Basic deployment considerations for wireless LANs
An eduroam wireless network is a wireless network. This sounds trivial, but it is important to keep in mind that
- a poorly managed Wireless LAN won’t magically become better by naming it eduroam. Before diving into eduroam-specific configuration, make sure you understand how to manage
- WiFi coverage
- bandwidth requirements
- enough DHCP addresses to accomodate all clients
- by naming the network eduroam, you are becoming part of a world-wide recognised brand. Arriving users will think of this being an eduroam network, with a set of expectations for such networks. If your wireless network fails to deliver in the points mentioned above, users will consider this an eduroam failure and your installation will hurt the global brand eduroam, not only your own site and users.
This section provides general advice regarding eduroam deployment on a wireless LAN. It does not include information on general WLAN network planning and setup, it only covers topics essential to deploying eduroam on an already setup wireless LAN.
Proxy Settings
As an eduroam SP, you have a choice of not deploying a network-side proxy at all (pereferred!), or to deploy a transparent web content proxy.

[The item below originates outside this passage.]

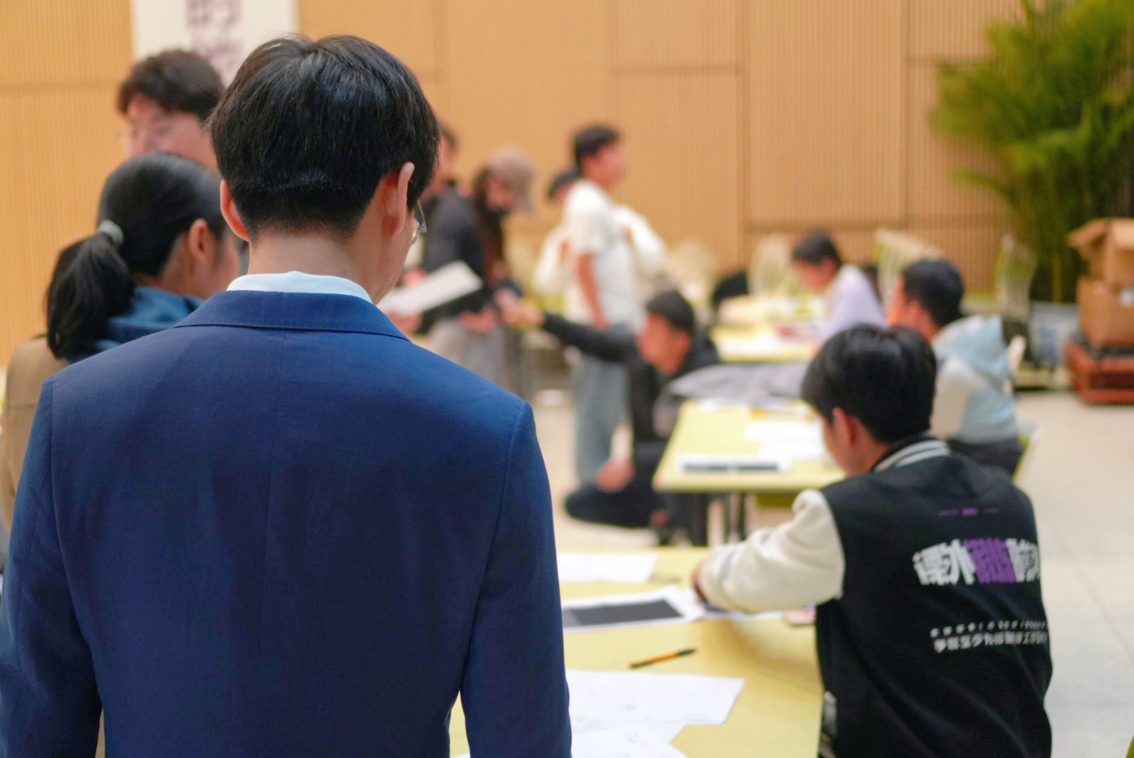 同学们在工作人员的引导下有序签到和登记,领取自己的定制正装。此次正装的定制工作于3月开展,学生职业发展指导中心联络专业的量体师团队,为每位有需求的学生进行了精准的尺寸测量和样衣试穿,确保每位学生都能穿上合身的正装。

It is not acceptable and technically not possible to deploy a proxy that requires manual settings: doing so would require any incoming eduroam visitor to modify their device configutation with the manual proxy settings at hand.
Client devices can typically auto-detect proxy settings easily: the automatic WPAD discovery protocol allows the eduroam SP operator to point users to the proxy address if any, or to announce that no proxy is in use. eduroam installers configure client devices to look for such configuration information on the network.

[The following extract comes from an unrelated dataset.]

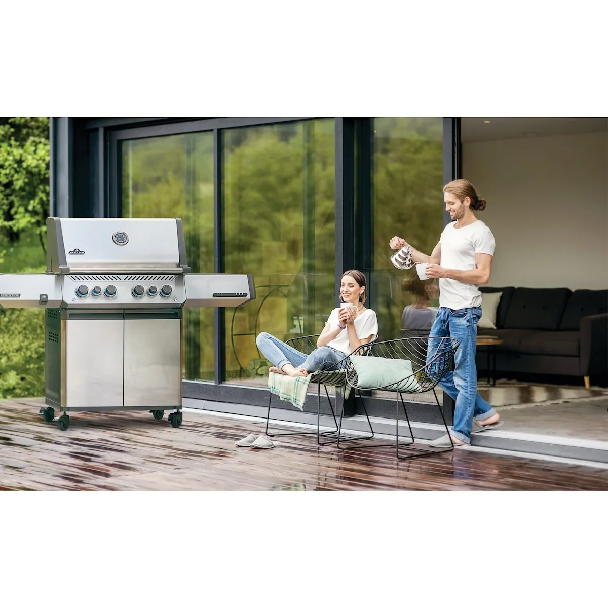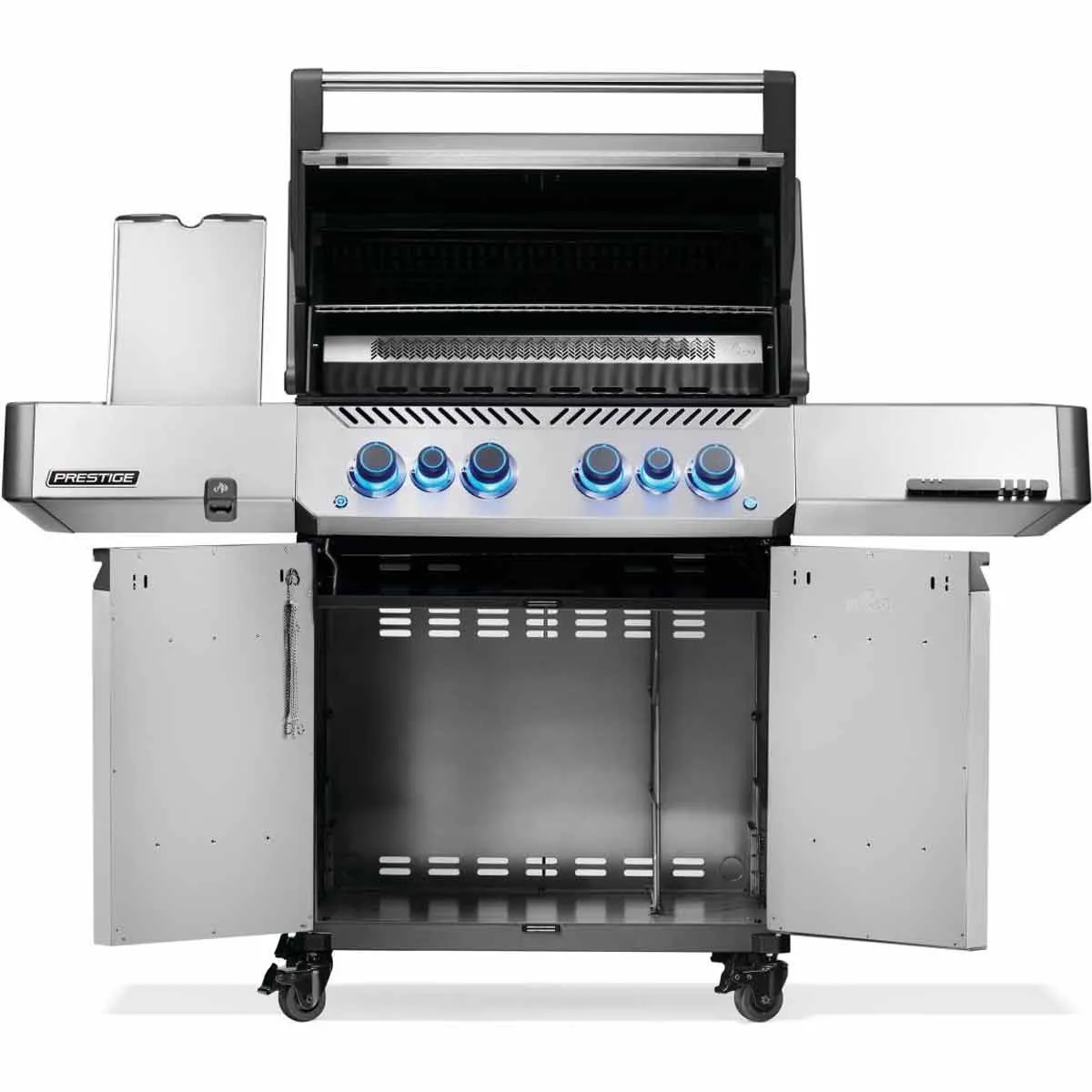 Napoleon Prestige 500 – с SIZZLE ZONE и задней горелкой. Napoleon Prestige 500 может похвастаться рядом технических и визуальных улучшений: сверхширокая инфракрасная задняя горелка, увеличенная зона SIZZLE, легко очищаемые решетки из нержавеющей стали WAVE толщиной 8,5 мм и складная решетка для подогрева из нержавеющей стали делают Prestige 500 первоклассным, полностью укомплектованным грилем.

As an eduroam SP, you shold always provide proxy configuration information, even if the information is limited to state “no proxy here”. You can do so either (preferably) in DHCP responses or in specially crafted DNS Resource Records in your domain.
Set up of networking equipment in the network core
Since an eduroam hotspot always uses the RADIUS protocol to connect to a RADIUS authentication server, your network setup must allow this RADIUS communication. This includes opening firewalls for traffic from the WLAN equipment (AP/Controller) to UDP port 1812 (do not confuse this with TCP!). The RADIUS protocol can easily create UDP fragments, and will not function fully without UDP fragmentation support. Be sure to check your equipment whether forwarding of UDP fragments is supported and allowed. For accounting the UDP port 1813 also needs to be opened.
If you deploy your own RADIUS server for eduroam SP purposes (see below), also make sure that its own uplinks to your National Roaming Operator are open in the same way.